How a career can backfire

The Ticker

May 20, 1991|By Julius Westheimer

Is it possible that your career may hurt your children? A thoughtful article in Fortune, dated today, supplies some answers.

Excerpts: "According to a University of Maryland study, parents spend on average only about 17 hours per week with their children. . . Mommy often gets home from work too tired to talk. Daddy's almost never around. . . Because children are the future, America could be headed for bad bumps down the road. . . We pay child-care workers less than zoo keepers, and expect them to do wonders. . . Divorce has robbed millions of kids of at least one full-time parent. . . A compassionate, $250-a-week nanny is beyond the reach of most parents. . . Young adolescents left alone are twice as likely to smoke, drink and use marijuana. . . The state of America's children is a political mine field. . . Without doubt, helping improve child care is in the best interest of business; many firms have taken the plunge."

CEO CORNER: When I asked Carl Hecht, chief executive officer, U.S.Tag & Label Co., the secrets of his business success, he responded: "People make the difference. You see, I don't overmanage and I'm not a hands-on type of guy, so I concentrate on getting the best people and give them their heads. Another thing: I hate debt; it keeps me awake, so the firm doesn't have much. We're very conservative financially. And we don't give our goods away. We deal with a wide spectrum of customers, from Joe the Shoemaker to American Home Products, Procter & Gamble, Marriott, McCormick, etc. We make quality tags and labels, give top service and we get our price. Customers respect us for that. If firms discount too much, they don't make money -- and that's what business is all about."
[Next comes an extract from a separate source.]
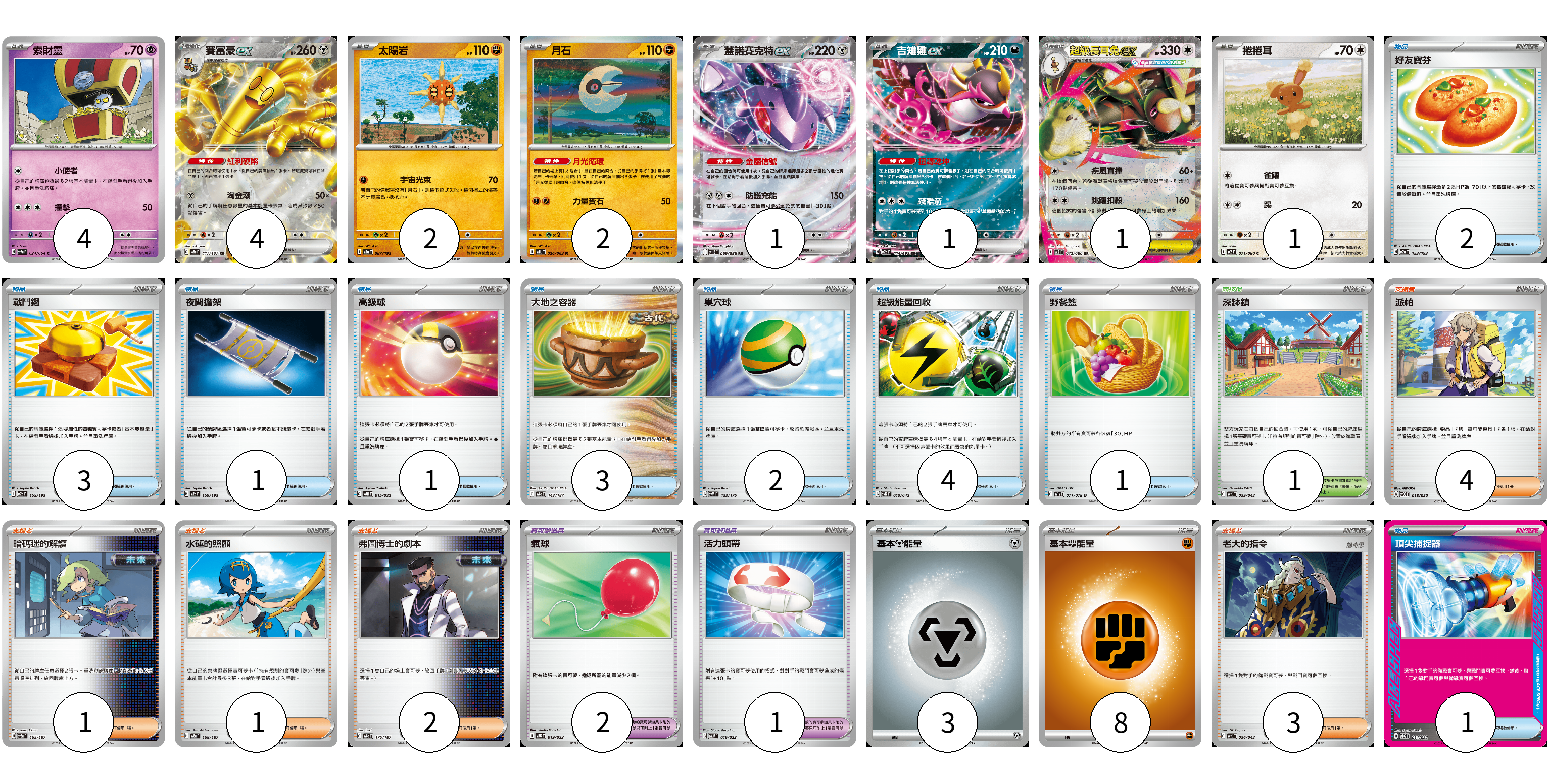 牌組構築方案 以此牌組為基礎新構築牌組 顯示卡面 顯示列表 寶可夢卡(16) 4 4 2 2 1 1 1 1 寶可夢道具(3) 2 1 物品卡(18) 2 3 1 1 3 2 4 1 1 支援者卡(11) 4 1 1 2 3 競技場卡(1) 1 能量卡(11) 3 8 寶可夢卡(16) 卡牌名稱 張數 卡牌名稱 張數 索財靈 SV7a 024/064 04 賽富豪ex SV8a 117/187 04 太陽岩 M2a 087/193 02 月石 M1L 026/063 02 蓋諾賽克特ex SV11B 069/086 01 吉雉雞ex M2a 114/193 01 超級長耳兔ex M2 072/080 01 捲捲耳 M2 071/080 01 寶可夢道具(3) 卡牌名稱 張數 卡牌名稱 張數 氣球 MBG 019/022 02 活力頭帶 SVAW 019/023 01 物品卡(18) 卡牌名稱 張數 卡牌名稱 張數 好友寶芬 M2a 153/193 02 戰鬥鑼 M2a 155/193 03 夜間擔架 M2a 159/193 01 高級球 SVQL 015/022 01 大地之容器 SV8a 143/187 03 巢穴球 SVM 133/175 02 超級能量回收 SVK 010/042 04 野餐籃 SV1V 071/078 01 頂尖捕捉器 MBG 014/022 01 支援者卡(11) 卡牌名稱 張數 卡牌名稱 張數 派帕 SVOD 018/020 04 暗碼迷的解讀 SV8a 165/187 01 水蓮的照顧 SV8a 168/187 01 弗圖博士的劇本 SV8a 175/187 02 老大的指令 SVK 036/042 03 競技場卡(1) 卡牌名稱 張數 卡牌名稱 張數 深缽鎮 SVK 039/042 01 能量卡(11) 卡牌名稱 張數 卡牌名稱 張數 基本【鋼】能量 M-P MET 03 基本【鬥】能量 M-P FIG 08 以此牌組為基礎新構築牌組 牌組編碼 YIvqOU-aJLWuI-kpnqQw copy 列印牌組單 牌組編碼已複製 分享至SNS

MARYLAND MEMO: Thinking of moving away? Think again. Considering starting a business here, or moving your firm to Maryland? Read on. The cover story, "The State of the States," in Financial World, May 28, lists Maryland as third of "The 10 Best." (Best are Utah and Missouri.) Excerpts about our state: "Moody's and Standard & Poor bond rating AAA. . . Very good revenue estimating, rainy day fund, good use of program audits, top-notch accounting system, winner of Government Finance Officers achievement certificate. . . Maryland suffers spending/revenue imbalances, ate into past year surplus in fiscal 1990 [but] state deserves credit for superquick action, including $217 million in cuts. . . Governor sparring with legislature more than usual; puts foot in mouth with jesting reference to Eastern Shore, etc."

The article's minuses: "High unfunded pensions [although on the way down]. . . Below-average management controls of highways and bridges. . . Expenditures outpacing revenues in fiscal 1990 to 1992."

MARYLAND & MORE: Israel Cohen, CEO, Giant Food, Lanham, is listed in Forbes, May 27, under "The Top 10 Best-Paid Chief Executives." Cohen's $11.5 million haul last year included $10.2 million in stock gains, $1.2 million in salary plus bonus, etc. . . "Baseball season thought: You rear your child like you throw a ball. Give it the best start you can while it's in your hands, because it must go the rest of the way itself." (Real Estate Newsletter, via Jeff Underwood). . . "If you could give your son or daughter only one gift, let it be enthusiasm." (Soundings, May). . . Second quarter estimated Federal and Maryland income tax installments are due four weeks from today. . . One week from today, all financial institutions close for Memorial Day observance.